Muscle Matters in Dialysis: Comparing Bioelectrical Impedance and Ultrasound for Muscle Mass Assessment

Discover the intriguing correlation between muscle mass measurement techniques in chronic hemodialysis patients, and how this cross-sectional study sheds light on the reliability of bioelectrical impedance analysis versus muscle ultrasound.
– by Marv

Note that Marv is a sarcastic GPT-based bot and can make mistakes. Consider checking important information (e.g. using the DOI) before completely relying on it.

Concordance between muscle mass assessed by bioelectrical impedance analysis and by muscle ultrasound: a cross-sectional study in a cohort of patients on chronic hemodialysis.
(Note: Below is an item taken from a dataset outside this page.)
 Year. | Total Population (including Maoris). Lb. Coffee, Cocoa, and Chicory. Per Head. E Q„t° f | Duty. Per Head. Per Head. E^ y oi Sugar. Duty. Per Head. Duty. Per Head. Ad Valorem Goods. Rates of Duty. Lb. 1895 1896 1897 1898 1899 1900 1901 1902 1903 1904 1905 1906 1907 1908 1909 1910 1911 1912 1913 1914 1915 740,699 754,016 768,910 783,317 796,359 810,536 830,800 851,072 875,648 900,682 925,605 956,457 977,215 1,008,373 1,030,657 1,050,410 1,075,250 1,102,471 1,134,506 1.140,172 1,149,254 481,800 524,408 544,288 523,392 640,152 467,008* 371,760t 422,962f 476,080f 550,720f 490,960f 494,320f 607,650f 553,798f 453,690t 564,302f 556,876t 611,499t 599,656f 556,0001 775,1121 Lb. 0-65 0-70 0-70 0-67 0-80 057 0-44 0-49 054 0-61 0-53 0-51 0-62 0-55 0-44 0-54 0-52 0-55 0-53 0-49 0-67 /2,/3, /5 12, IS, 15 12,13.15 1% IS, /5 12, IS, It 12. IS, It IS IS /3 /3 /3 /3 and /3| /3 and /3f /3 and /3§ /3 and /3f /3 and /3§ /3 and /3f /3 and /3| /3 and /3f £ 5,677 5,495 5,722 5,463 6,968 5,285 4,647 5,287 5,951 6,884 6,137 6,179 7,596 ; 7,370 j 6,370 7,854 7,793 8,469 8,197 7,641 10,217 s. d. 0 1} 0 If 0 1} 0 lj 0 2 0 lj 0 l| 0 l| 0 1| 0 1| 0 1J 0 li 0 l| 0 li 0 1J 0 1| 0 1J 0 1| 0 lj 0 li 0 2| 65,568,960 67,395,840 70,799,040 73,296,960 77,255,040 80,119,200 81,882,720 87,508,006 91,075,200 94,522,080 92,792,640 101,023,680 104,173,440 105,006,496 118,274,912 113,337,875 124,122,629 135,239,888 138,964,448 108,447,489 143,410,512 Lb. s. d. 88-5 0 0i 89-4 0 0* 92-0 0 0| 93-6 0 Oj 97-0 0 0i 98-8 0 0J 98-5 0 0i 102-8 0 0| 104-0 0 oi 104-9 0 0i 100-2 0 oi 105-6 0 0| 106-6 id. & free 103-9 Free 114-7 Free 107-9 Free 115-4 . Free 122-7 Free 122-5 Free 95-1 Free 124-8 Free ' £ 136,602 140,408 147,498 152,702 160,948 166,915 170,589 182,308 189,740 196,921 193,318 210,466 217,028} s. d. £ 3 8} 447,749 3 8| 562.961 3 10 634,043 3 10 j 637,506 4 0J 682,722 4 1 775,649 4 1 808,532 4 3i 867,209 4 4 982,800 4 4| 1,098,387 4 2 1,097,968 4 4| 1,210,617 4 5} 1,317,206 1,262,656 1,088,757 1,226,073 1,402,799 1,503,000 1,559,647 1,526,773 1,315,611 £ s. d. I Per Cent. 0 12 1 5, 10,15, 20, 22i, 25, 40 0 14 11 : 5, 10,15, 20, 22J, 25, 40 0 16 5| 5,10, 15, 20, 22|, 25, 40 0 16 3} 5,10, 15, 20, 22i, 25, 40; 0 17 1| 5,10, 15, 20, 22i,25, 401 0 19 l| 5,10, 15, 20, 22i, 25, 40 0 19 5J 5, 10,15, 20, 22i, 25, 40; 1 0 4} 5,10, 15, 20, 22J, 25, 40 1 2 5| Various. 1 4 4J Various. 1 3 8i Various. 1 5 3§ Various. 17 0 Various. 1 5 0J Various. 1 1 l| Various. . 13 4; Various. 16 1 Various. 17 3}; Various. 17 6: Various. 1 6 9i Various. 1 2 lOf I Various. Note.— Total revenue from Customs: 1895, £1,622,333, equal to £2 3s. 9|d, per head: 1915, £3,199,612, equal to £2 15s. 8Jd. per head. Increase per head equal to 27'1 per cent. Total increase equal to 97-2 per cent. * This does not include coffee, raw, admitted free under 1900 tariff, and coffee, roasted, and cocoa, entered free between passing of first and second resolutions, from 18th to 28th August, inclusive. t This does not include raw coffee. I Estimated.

Nagy et al., BMC Nephrol 2024
<!– DOI: 10.1186/s12882-024-03487-0 //–>
https://doi.org/10.1186/s12882-024-03487-0

Oh, joy! Another groundbreaking study where we discover that sarcopenia, a condition as elusive as a teenager’s clean room, is common in hemodialysis (HD) patients. Who would’ve thought that people with chronic health conditions might have muscle issues? But fear not, because we have muscle ultrasound (US), the superhero of non-invasive tools, ready to save the day and measure those muscles with the precision of a toddler’s finger painting.

Our intrepid researchers, armed with the European Working Group on Sarcopenia in Older People’s (EWGSOP) guidelines, which are probably as straightforward as assembling IKEA furniture, set out to diagnose sarcopenia in 41 HD patients. They used bioelectrical impedance analysis (BIA) to measure skeletal mass index, because nothing says “cutting-edge” like a method that sounds like a lie detector for muscles. And let’s not forget the handgrip strength test, because nothing screams “scientific rigor” like squeezing a glorified stress ball.
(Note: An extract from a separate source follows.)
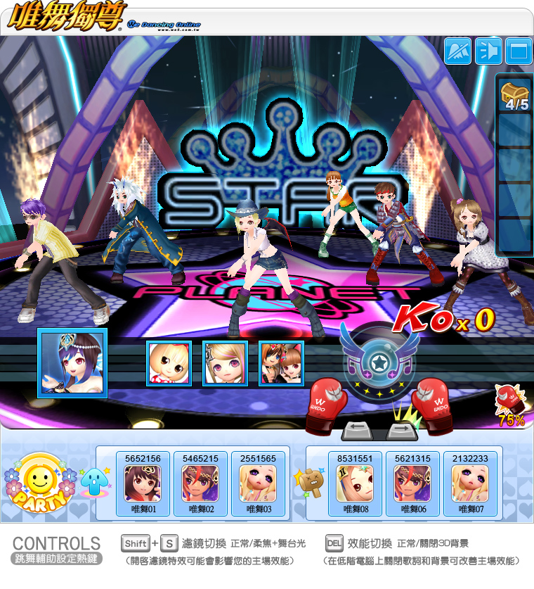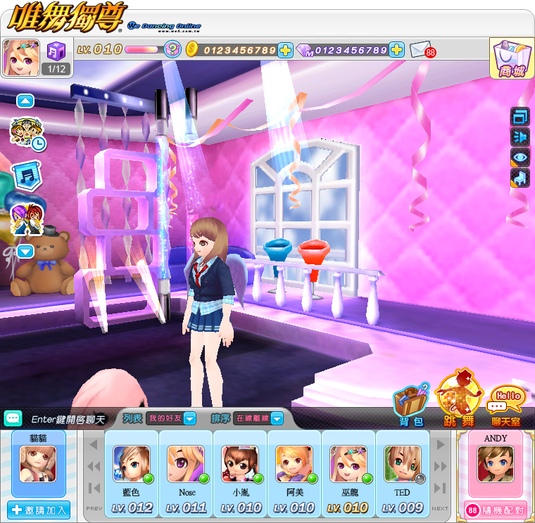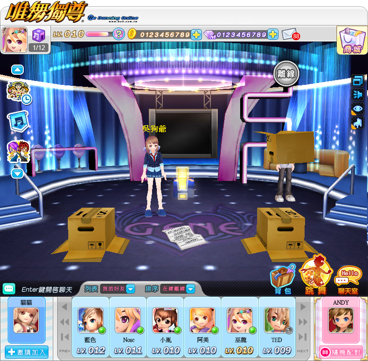 每個玩家都有一個自己的個人包廂,在包廂中玩家可以選擇不同的風格佈景、個性道具來裝飾,而這些佈景及裝飾,都可以藉由完成特殊任務取得。除了自己的包廂外,玩家也可以拜訪朋友的包廂,以及陌生朋友的包廂,和他們一起聊天、跳舞互動。

Lo and behold, 58.5% of these patients were diagnosed with sarcopenia. Shocking, I know. It turns out that patients with sarcopenia had lower quadriceps muscle cross-sectional area (CSA) than those without, which is about as surprising as finding out that water is wet. And for those who love specifics, the optimal cut-offs for quadriceps muscle CSA were 2.96 cm2 for males and 2.92 cm2 for females, because who doesn’t love a good decimal point in their diagnostic criteria?

In conclusion, sarcopenia is as prevalent among Egyptian HD patients as sand in the desert. And yes, muscle US on quadriceps muscle CSA could be used for diagnosis, because why not add another gadget to the medical utility belt? It’s not like we have anything better to do than measure muscle thickness all day.